Information that has been redacted is often the most interesting. It's therefore no wonder that some people might have a motivation to try to reverse such a redaction for various reasons.
In this blog post, I'll discuss image/video blurring methods and their weaknesses and present a simple yet effective method to get a high-resolution image from a pixelated video in order to recover redacted information (with no guessing involved).
One of the best known attacks on digital redaction methods works only on specific file formats, e.g. PDFs and Office documents. As text and objects/images in those files are stored as different objects in "separate layers", redacted text can sometimes still simply be copied, and colored boxes that were intended to hide information can often be removed to reveal the redacted content. This technique however does not work for simple image formats that only store one layer of pixel information (except for surprising edge cases when using transparency).
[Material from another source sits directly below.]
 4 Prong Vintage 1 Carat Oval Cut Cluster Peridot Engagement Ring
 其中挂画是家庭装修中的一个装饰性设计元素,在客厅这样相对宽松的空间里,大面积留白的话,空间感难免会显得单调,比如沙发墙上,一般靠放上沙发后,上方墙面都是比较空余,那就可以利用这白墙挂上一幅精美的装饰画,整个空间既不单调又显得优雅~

A popular alternative to redacting information with a colored box is blurring. Instead of removing all information for a particular region, here the information density is only reduced.
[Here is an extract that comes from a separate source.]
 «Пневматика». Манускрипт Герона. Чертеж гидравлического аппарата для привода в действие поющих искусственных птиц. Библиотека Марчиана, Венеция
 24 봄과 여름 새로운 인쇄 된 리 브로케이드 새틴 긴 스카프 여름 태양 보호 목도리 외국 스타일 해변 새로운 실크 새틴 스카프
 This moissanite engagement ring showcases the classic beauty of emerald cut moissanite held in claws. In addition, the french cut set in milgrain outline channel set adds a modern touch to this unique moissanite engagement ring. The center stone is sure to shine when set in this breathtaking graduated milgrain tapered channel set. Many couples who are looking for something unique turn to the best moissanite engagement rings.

Blurring is usually achieved using one of the following two methods:
One of my favorite unblurring stories is about a Bitcoin Cash private key that was shown on French Television. An entrepreneur wanted to give away some crypto during an interview, but since the station was not authorized to give out money prizes during that TV transmission, the private key information was blurred. By combining tiny pieces of information from different camera shots and knowledge about the encoding scheme of a QR code, two researchers could recover the private key and claim the prize (after 16 hours of manual reverse engineering).
While this attack was very specific to QR codes and combined different manual techniques, more generic methods have also been published.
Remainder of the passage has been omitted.